The third button strained over the tip of the thick length it covered. She laid her palm over the end and pressed.
“Ooh. Wench.”
She grinned. “Undo your knee buttons.”
She could have done them herself but wanted to see the outline of his hips as he bent. The flexing divot of muscle sent a shiver through her.
“Shall I take off my boots?” he asked.
“Absolutely not.”
She undid the third button, taking care to tease the flesh as she did it. The top of the breeks were sagging now, held in place only by a feat of marvelous physical engineering. She tugged the last buttonhole over the brass. The breeks fell to the floor.
Unlike his brother, whose plumage would have underwhelmed a sparrow, Bridgewater’s peacockery riveted her attention and stoked her desire.
“Don’t move,” she said.
“There are certain parts over which I am not sovereign at this moment.”
She laughed a low, throaty laugh that reached all the way to her belly. She was like a pot of simmering water, and her fingers stirred the roiling liquid higher and higher. He watched her eyes, and she could see her desire reflected in his own.

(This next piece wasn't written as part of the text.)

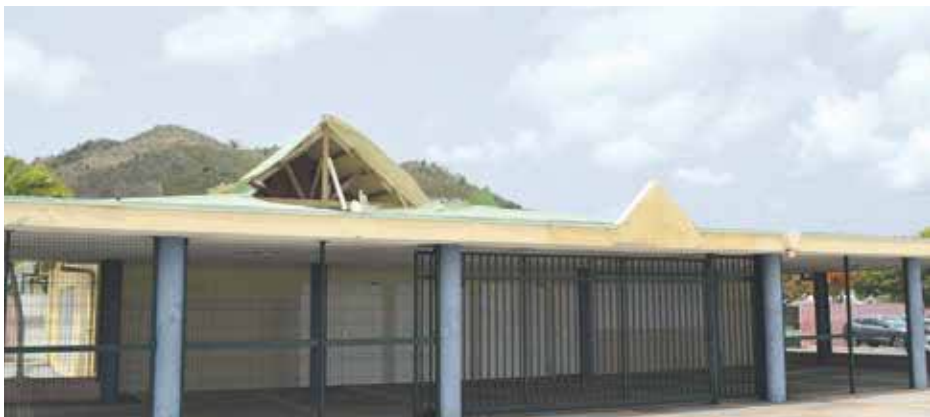
Les mois de l'été seront consacrés à la réalisation des travaux lourds sur le collège du Mont des Accords, notamment ceux de réparation des toitures. La fin des travaux pour cet établissement est prévue en fin d'année 2018.

La plus grande partie du budget prévu par la Collectivité pour la réparation des établissements scolaires sera consacrée aux établissements du secondaire, plus de 3.6 millions d'euros. Le Lycée Professionnel des Iles du Nord, à Marigot, la Cité scolaire Robert Weinum à la Savane et les collèges du Mont des Accords, de Quartier d'Orléans et de Soualiga (Cul de Sac) qui ont été extrêmement endommagés par l'ouragan, seront en travaux tout l'été. Le collège Soualiga ne sera pas reconstruit, certains de ses bâtiments encore debout seront restaurés pour y abriter dans l'avenir des services déconcentrés de la Collectivité.

He was right about the sovereignty, and she rolled the inebriating image of his twitching flesh in her mind like a piece of candy on her tongue, riding the waves higher and higher.

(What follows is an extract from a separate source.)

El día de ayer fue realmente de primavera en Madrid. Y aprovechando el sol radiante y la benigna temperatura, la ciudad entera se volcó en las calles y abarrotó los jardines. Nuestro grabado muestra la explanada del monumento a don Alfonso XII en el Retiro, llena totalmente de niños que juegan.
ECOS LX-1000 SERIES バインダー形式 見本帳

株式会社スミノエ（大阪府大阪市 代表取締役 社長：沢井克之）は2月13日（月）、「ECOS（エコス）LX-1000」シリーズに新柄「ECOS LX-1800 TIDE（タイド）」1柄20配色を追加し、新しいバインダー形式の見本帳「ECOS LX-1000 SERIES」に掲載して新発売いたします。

He sank onto the bed. She wanted desperately to grasp that warm steel and taste the salty proof of his desire. He pressed her back against the pillows, running a finger over her lips. She parted them automatically and he smiled. But instead of bringing that part of him to her mouth, he lay alongside her and turned her toward him. Pressed between them, her hand worked its sweet rhythm, and he kissed her, a long, slow, searching kiss that she returned with equal hunger. He laid a hand on her cheek, and she pressed hers over it.